Not all features need to be supported by all software, ie, support for more than two channels or 8-bit audio is not needed.

Current issues should be moved to the top.

Seperate fields or unified table?

This has been the most contested issue to date, and one which I believe has been solved in a mutually acceptable way, since the two are not mutually exclusive. A table, designed with values non-linearly, such as the value of bits within that table can be tested within the context of a simple flow chart, can be used to discover the format. Meanwhile, a table can be implemented as desired and be in full compatability since the flow chart only permits valid choices.

--Arc 00:48, 13 Nov 2005 (PST)

Are samples padded to some round number of bits?

I don't know of any PCM formats for non-octet based samples, but if you want to specify something, I'd say pack them into the MSB's of the next larger byte boundary, round toward zero, on a per channel basis. This should allow software that knows how to handle 16 bit audio but not 10 bit to operate on the data.

--Jkoleszar 11:48, 9 Nov 2005 (PST)

The occurrence of N bit PCM where N is not a multiple of 8 bits is so rare that it should probably be ignored. In addition, there really isn't any reason to treat 10 bit data packed into the 10 most significant bits of a 16 bit int any different from a real 16 bit value. So why make any distinction?

--Erikd

10-bit values have a range of -512 to +511. When you shift them up the range is -32768 to 32704, so they need scaling if you want them to have their proper range in a normalised system.

Precisions that aren't a multiple of 8 bit aren't at all rare, but they're normally rounded off to a multiple for compatibility.

--Gumboot 02:02, 10 Nov 2005 (PST)

Support for non-octet based sample sizes has been removed with the introduction of a data type table.
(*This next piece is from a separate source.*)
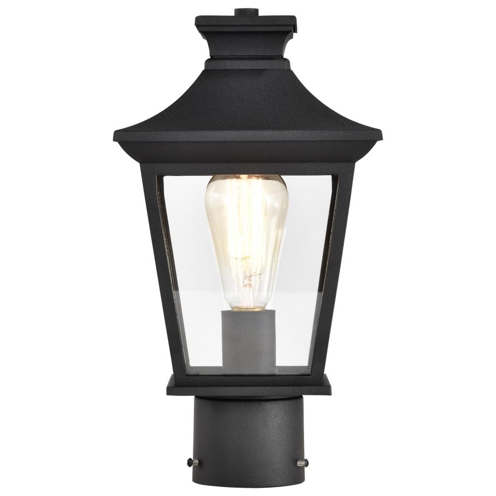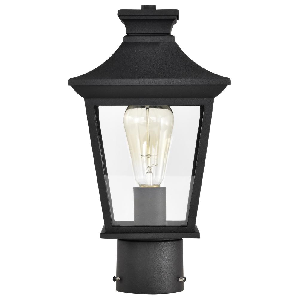 Jasper Collection Outdoor 14 inch Post Light Pole Lantern; Matte Black Finish with Clear Glass
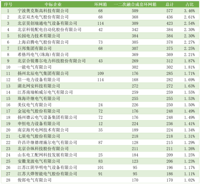 通過環網箱單獨招標中標的企業中,北京昊創瑞通電氣設備有限公司和信一電力設備有限公司市場份額占3.31%,共有6家企業市場份額在3%以上。

We no longer need to worry about this topic.

--Arc 23:48, 10 Nov 2005 (PST)

A new table is being worked on which allows 10bit to 32bit signed int data along with or without padding to octet. Padding may be up to 8 bits, which allows (ie) 24-bit values to be padded to 32-bit words.

--Arc 00:48, 13 Nov 2005 (PST)

Do we want/need the 32-bit data packet header?

The issue was raised on the ogg-dev mailing list of wether this is necessary. With only a single header packet, it could be considered an unneeded complication, however, additional header packets (current or future) will make this a requirement.

--Arc

I can definitely see people wanting to use comment pages, so I'd say leave the header on the data pages as well. On the other hand, if ogg provides guarantees about the alignment of packet data from packetout, I could see getting rid of it since there are benefits to working on buffers aligned to larger boundaries on some architectures. As far as I can tell, either no guarantees are made, or you'll get a buffer aligned to a word boundary, in which case having the header has no penalty.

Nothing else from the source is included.